However, chemical tempered glass is easily damaged due to
environmental factors. Moreover, it is difficult to apply
subsequent coatings to the glass, and film stripping easily occurs,
so its lifetime is shorter, generally less than 10 years. In
addition, manufacturing cost is high. The above factors restrict
the range of application of chemical tempered glass.
[0009] Accordingly, the present invention provides a solution for
the abovementioned problems. The inventors of the present invention
found that thin physical tempered glass can be obtained by
tempering the glass through aerodynamic heating. The method do not
degrade the mechanical properties, thermal stability, and
transmittance of the tempered glass and can even improve them, so
as to meet demands in specific fields, particularly for the cover
plate or backsheet of a solar cell.
[0010] The solar cover plate, which is the most upper part of a
solar panel, requires good mechanical properties, thermal stability
and transmittance so as to increase the efficiency of the
photovoltaic cell layer. A conventional solar cover plate, which is
thick and heavy, limits the application of the solar panel because
some roofs cannot withstand the heavy loads.
[0011] As for the solar backsheet, it is at the bottom of a solar
panel and is the main support for the entire solar panel. To
prolong the lifetime of a solar panel, a solar backsheet should
also protect the solar devices inside the panel from water,
moisture, oxidation, thermal deformation and electrical leakage. In
addition, during assembly, the solar backsheet may restrain the
photovoltaic devices from moving around, provide electrical
isolation, and prevent mechanical damage to the devices (such as
scratches). Moreover, heat dissipation capacity is also an
important feature of a good solar backsheet.
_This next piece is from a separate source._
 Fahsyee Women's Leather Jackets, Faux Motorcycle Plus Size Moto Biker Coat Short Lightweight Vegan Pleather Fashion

[0012] A conventional solar backsheet usually has one of the
following structures:
[0013] Polyvinyl fluoride(PVF)/adhesive/polyethylene
terephthalate
[0014] (PET)/adhesive/PVF;
[0015] PVT/adhesive/PET;
[0016] PVF/adhesive/aluminum foil/adhesive/PET;
[0017] PET/adhesive/SiO.sub.2 PET; and
[0018] Coating/PET/adhesive/ethylene vinyl acetate(EVA) primer.
[0019] Among the above, PVF/adhesive/PET/adhesive/PVF (i.e., TPT)
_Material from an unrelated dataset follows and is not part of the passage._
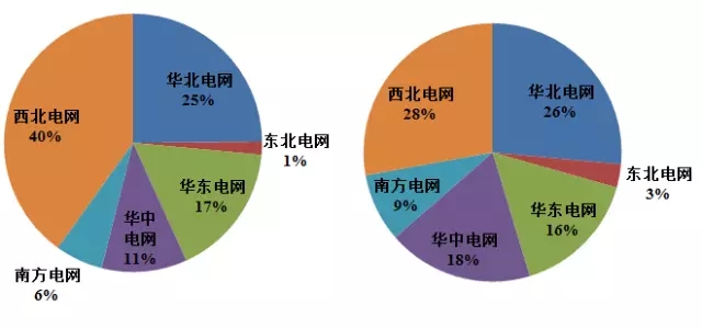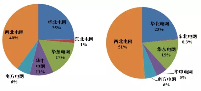 從上圖可以看出,西北電網(wǎng)累計裝機占比40%,而新增裝機占比僅占28%;華中電網(wǎng)累計裝機占比11%,而新增裝機占比則為16%;除此之外,南方電網(wǎng)、東北電網(wǎng)的新增裝機量也明顯高于累計裝機量。

structure is the most common, and occupies approximately 70% of the
market.
[0020] The above structures for a solar backsheet all employ a PVF
or PET layer as a substrate. PET substrates are popular due to good
mechanical properties, electrical isolation properties, temperature
tolerance (from -70.degree. C. to 120.degree. C.), thermal
stability in terms of mechanical properties and very low gas and
moisture permeability. In addition to good mechanical and isolation
properties and temperature tolerance (up to 260.degree. C.), the
popularity of PVF is attributable to its excellent anti-UV ability
and high chemical stability due to high energy C--F bonds.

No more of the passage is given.